▶ Activity
Once the line with "White Stone Top" is found, write it out along with every line after it, exactly, up to the last line of the entries below. Exclude pictures.
[Opening Information supplied section]
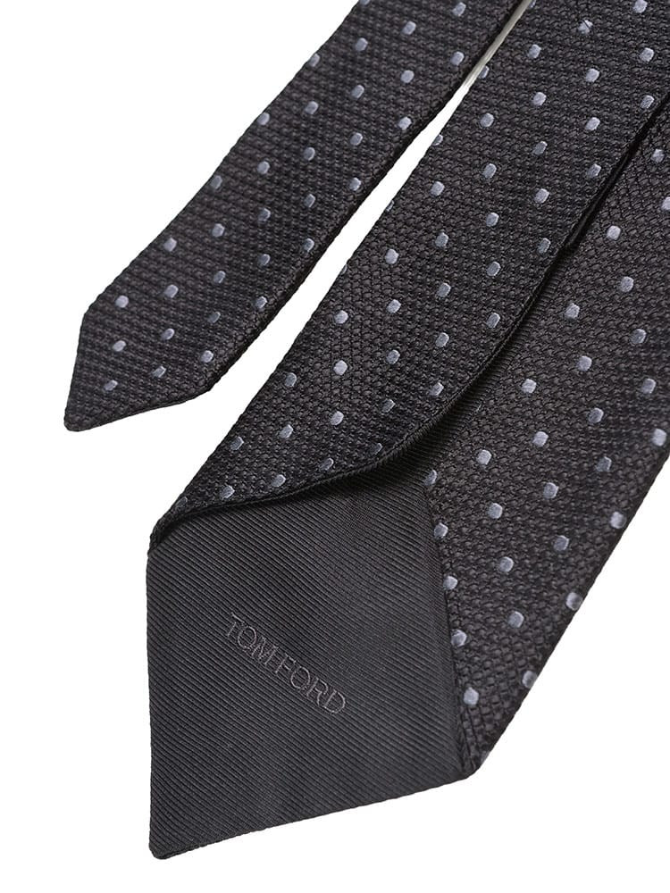 TOM FORDのドット柄シルクネクタイは、上質なシルクの光沢と柔らかな手触りが魅力です。洗練されたドット柄が、ビジネスシーンはもちろん、特別な日の装いにも上品なアクセントを添えます。結びやすく、Vゾーンを華やかに演出するこのネクタイは、あなたのスタイルをワンランクアップさせるタイムレスな逸品です。
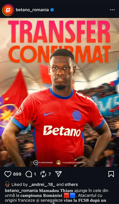 Inedit! Sponsorul Betano a anunțat transferul oficial al lui Thiam la FCSB, deși clubul lui Gigi Becali n-a făcut-o încă
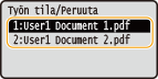 Peruuttaminen etäkäyttöliittymästäVoit peruuttaa tulostuksen etäkäyttöliittymän [Työn tila] -sivulta: Tulostusasiakirjojen nykyisen tilan tarkistaminen
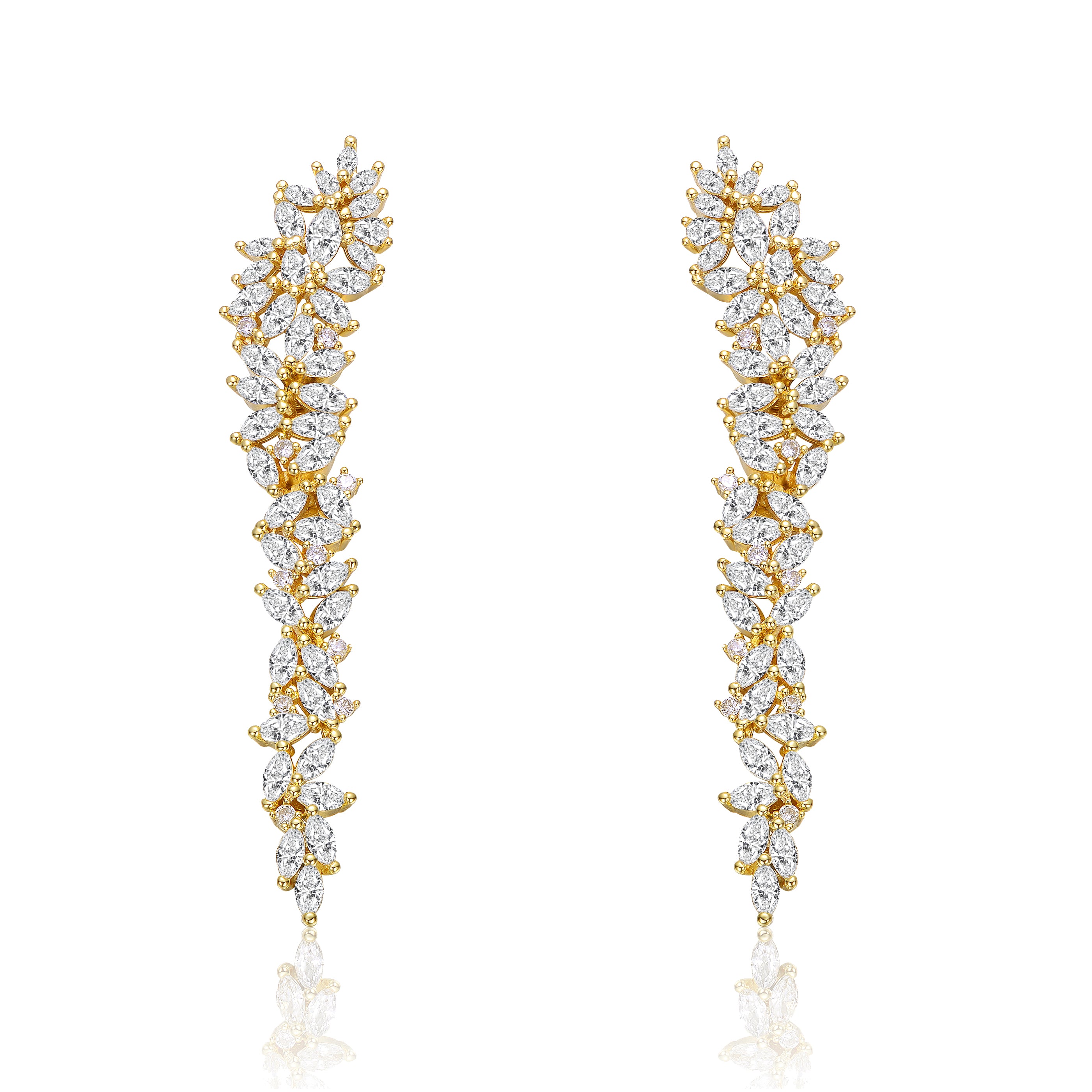 14k Gold Plated Cubic Zirconia Waterfall Cluster Linear Earrings
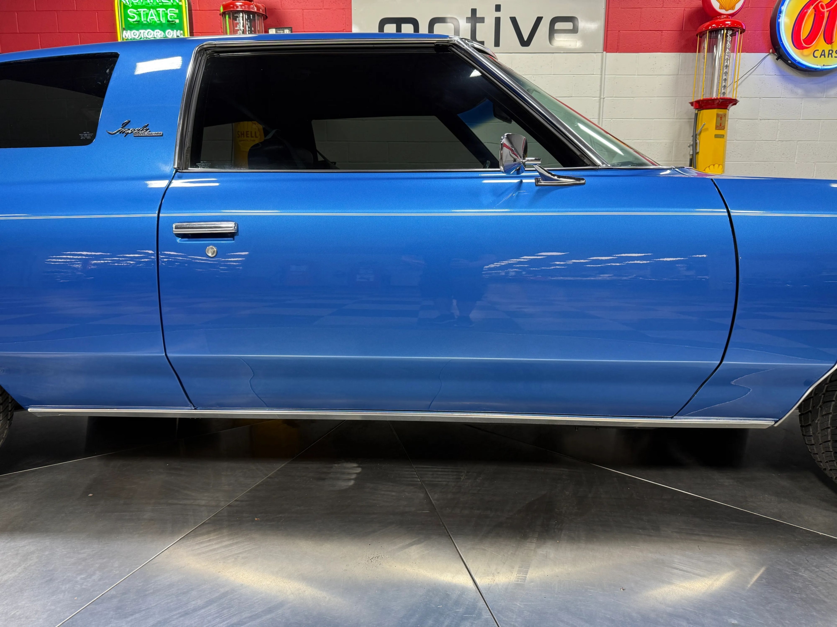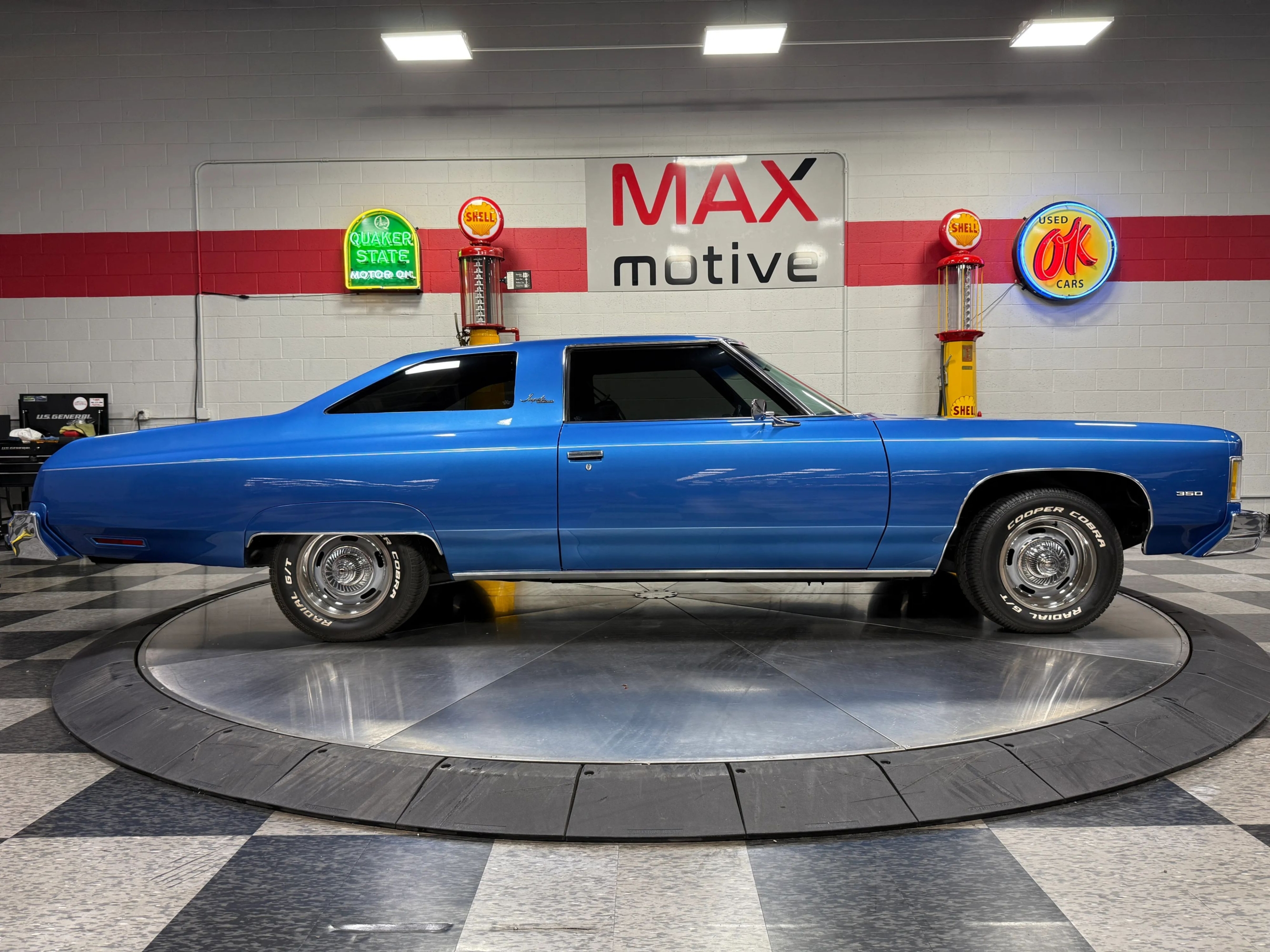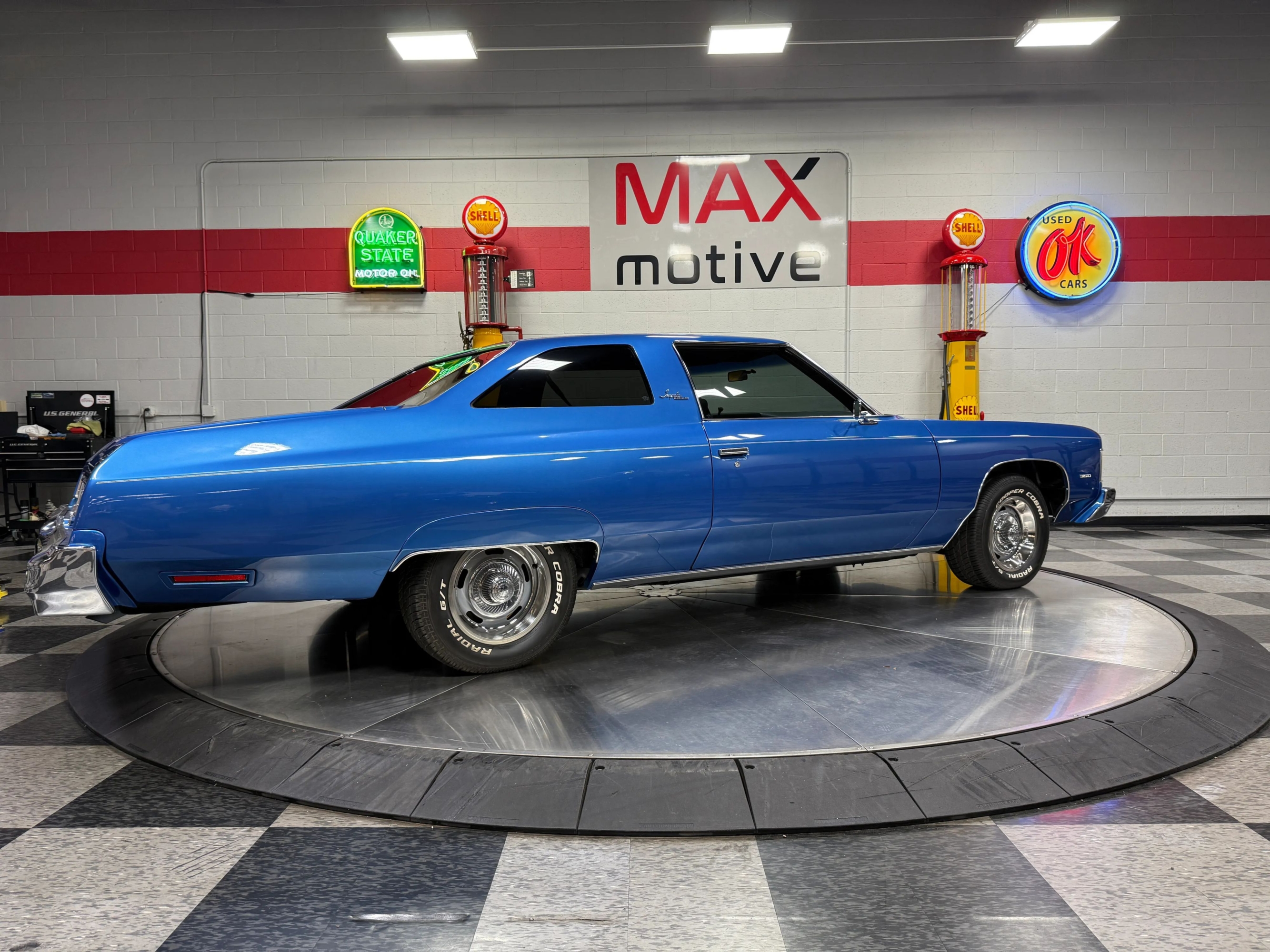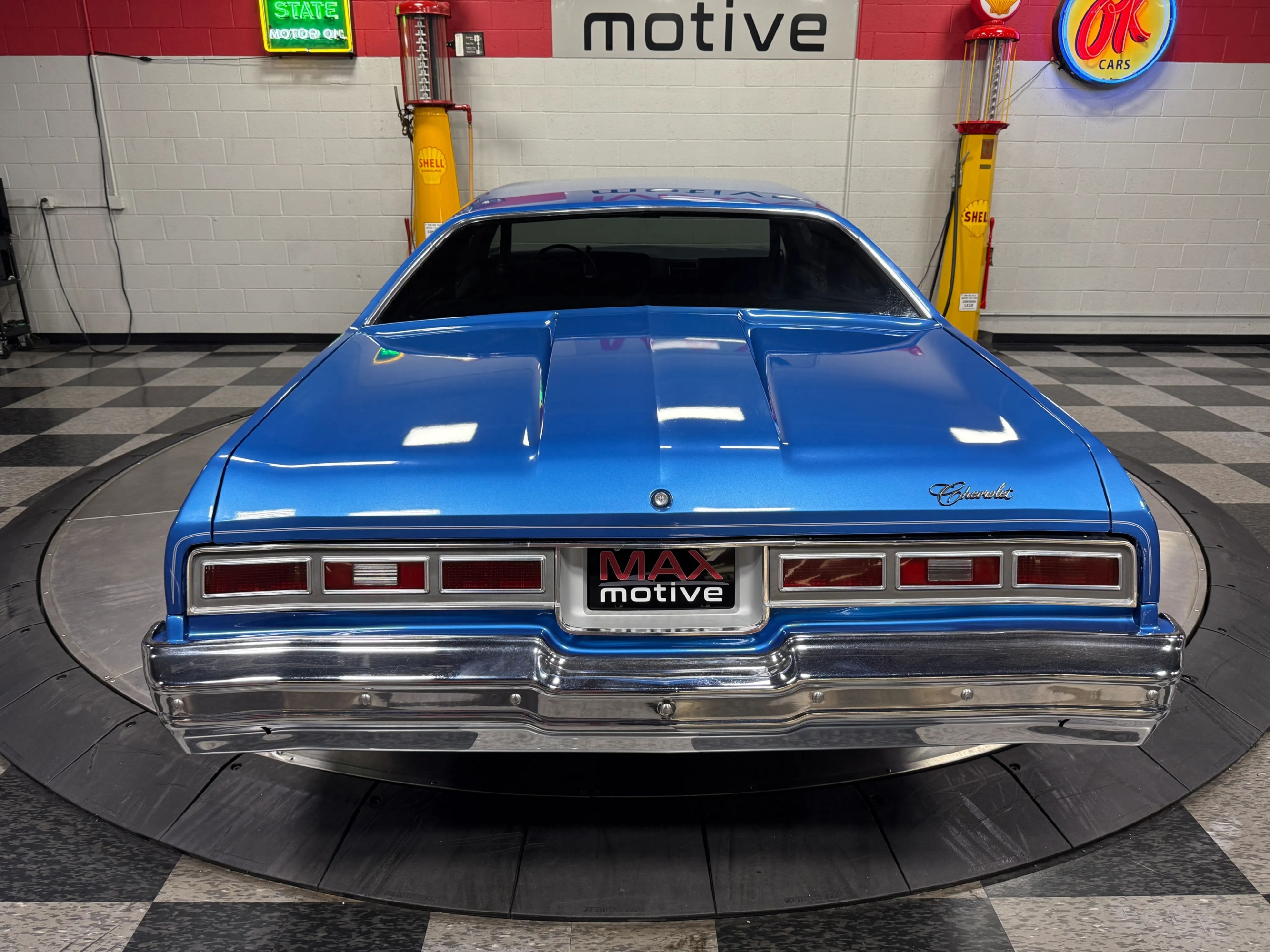 Maxmotive is proud to present this beautiful 1974 Impala Colonial 2 door hardtop. This very clean Impala boasts a strong running 350 cubic inch V-8 under the hood, paired to a 3 speed Hydramatic automatic transmission. To keep the engine flowing and breathing, a Flowmaster muffler was added, and of course who doesnt love the nice growl of a Flowmaster. The Impala was treated to a beautiful repaint in 2023. Once the body work was finished, the Impala was sprayed in a stunning blue paint. The color is essentially the same color the car rolled off the assembly line some 50 years ago. The paint shows magnificently, and really helps this Impala look the part. Tinted windows nicely offset the beautiful new blue paint. Some extra parts that are in the trunk and will be included are the original hub caps, owners manual, window sticker, and original radio. The air conditioning parts are there, but the air conditioning is not currently working. Super clean Impala, come in and test drive this long legged stunner! For more pictures and information please check out our website www.maxmotive.com
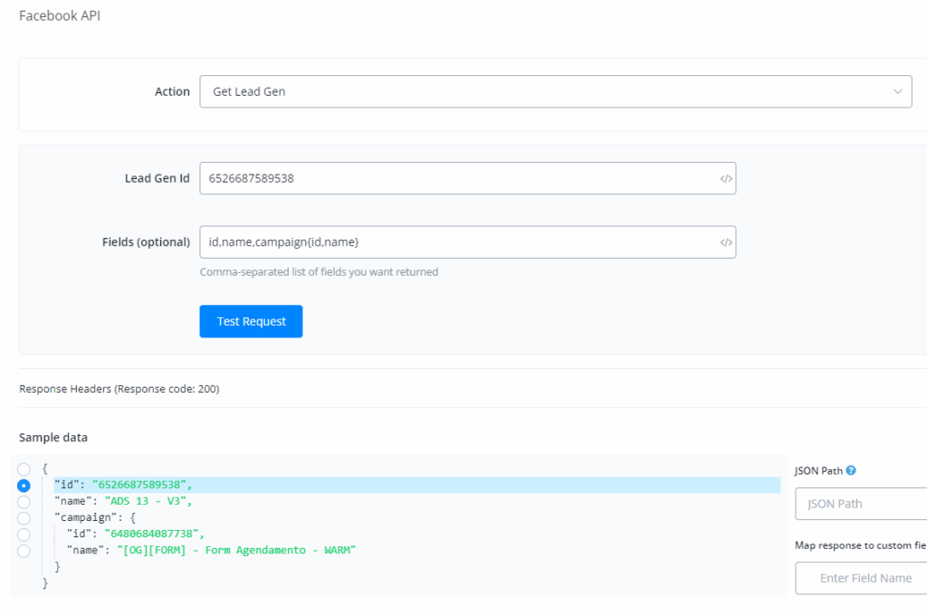 And then you place the ad_id in the lead Gen ID, and then write “id,name,campaign{id,name}” in the fields(optional), you can pull the details adset name & campaign name in the response as per screenshot below.
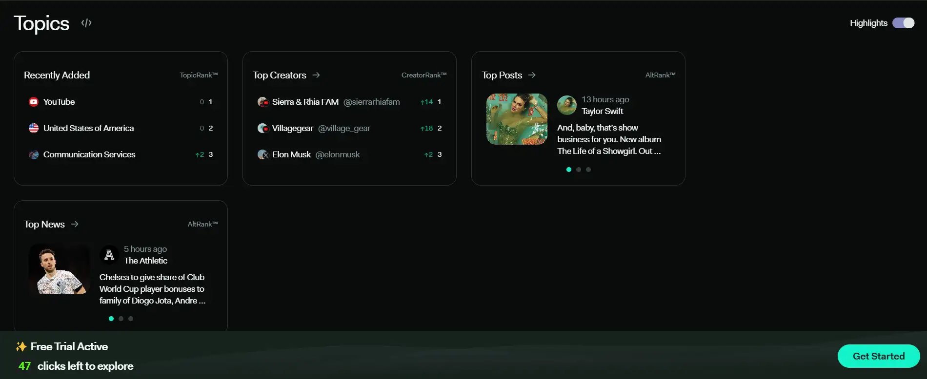 - Trending Topics: Understand the fastest-growing narratives across social platforms to capture early signals before they become mainstream.
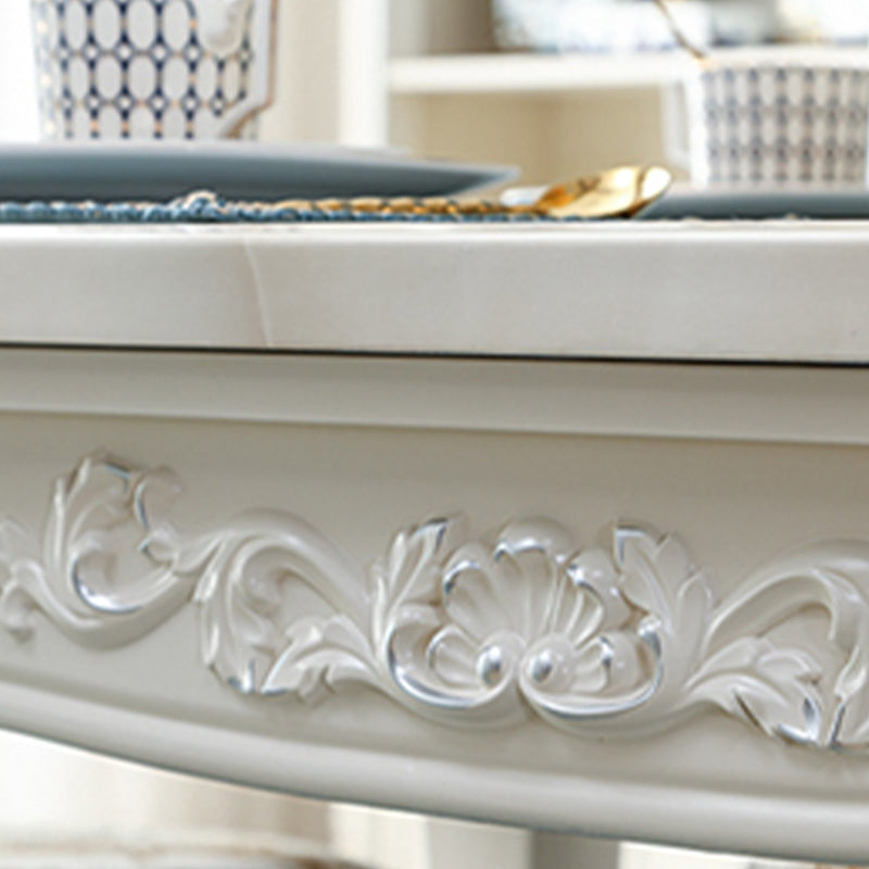 White Stone Top Dining Table Rectangle Dining Table with 4 Wood Legs
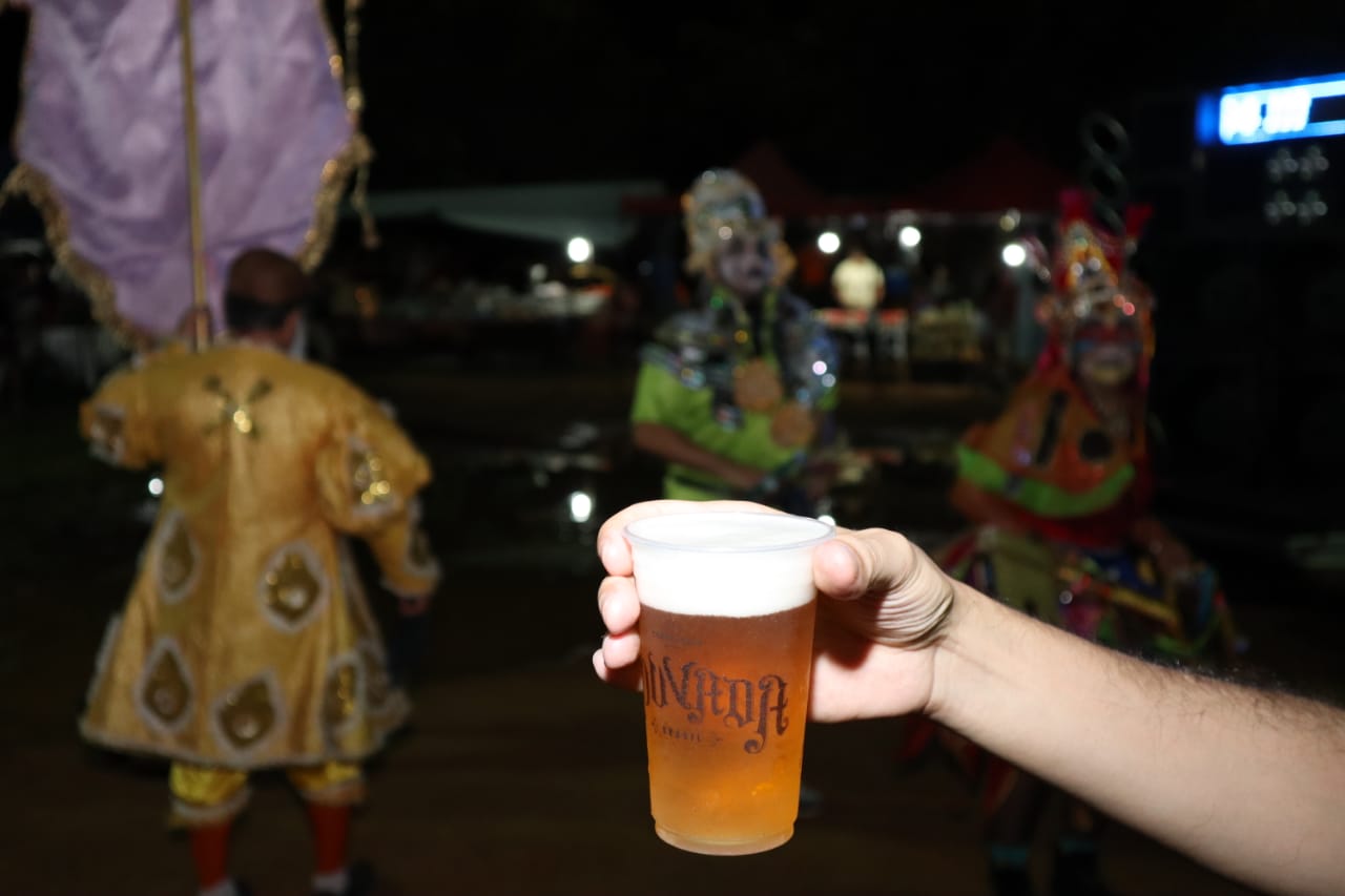 Tradicional Bloco Pirarucu do Madeira realizou um ensaio na feira gastronômica, que contou com chopp artesanal da cervejaria
[Closing Information supplied section]
▶ Task output
 White Stone Top Dining Table Rectangle Dining Table with 4 Wood Legs
 Tradicional Bloco Pirarucu do Madeira realizou um ensaio na feira gastronômica, que contou com chopp artesanal da cervejaria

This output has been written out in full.